Remedial Action Recommendation with Machine Learning and Genetic Algorithm

Prescriptive analytic sits at the top of a three tier analytic pyramid. The bottom layers are descriptive and predictive analytic. Prescriptive analytic entails action recommendations based on the results of descriptive and predictive analytic, which if executed will have have positive business impact. As an illustrative example, after a machine learning has predicted that a customer is very likely to churn in the near future, the business might be interested in getting some remedial action recommendations which if implemented will prevent the churn.

In this post we will go through a solution for remedial action based on predictive Machine Learning (ML) and Genetic Algorithm (GA) , using loan approval as an example. Following the rejection of a loan application by the ML model, the bank may be interested in a set of remedial action recommendations for the applicant, so that the negative outcome can turned around to a positive one.

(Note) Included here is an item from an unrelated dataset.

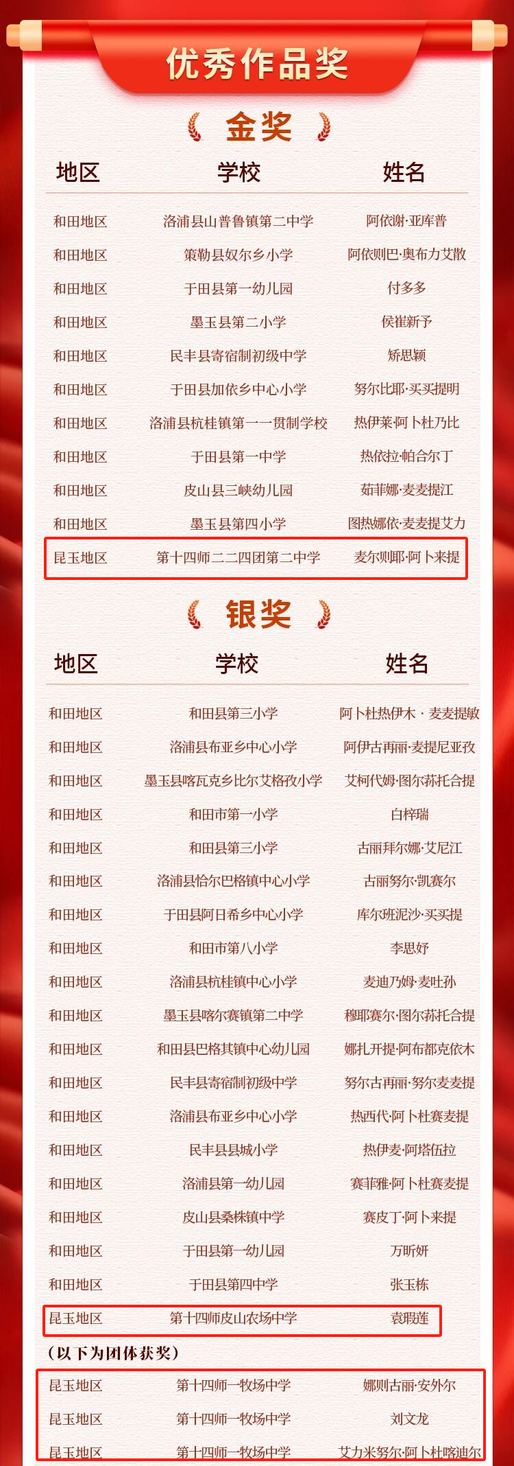 获得金奖的二二四团第二中学学生麦尔则耶·阿卜来提说:“朗诵让我学会如何更好地表达内心情感,拉近了与家人、同学之间的距离。”

The implementation is available in my OSS Github repo avenir.

Remedial Action with Counterfactual Analysis

The ML model makes predictions based on values of a set of features. Counterfactual analysis involves using alternative values of the features and evaluate the outcome i.e how the ML prediction changes for our use case. Essentially it’s a “what if” kind of analysis.

There are many possible candidate solutions that will result in a positive ML prediction. However, we are interested in an optimum set of new feature values, based on some definition of cost of change that will result in positive ML model prediction. Genetic Algorithm helps us finding the optimum feature values among many candidate set of of values

Pulling all these ideas together, here are the steps for remedial action recommendation using a case with negative ML model prediction.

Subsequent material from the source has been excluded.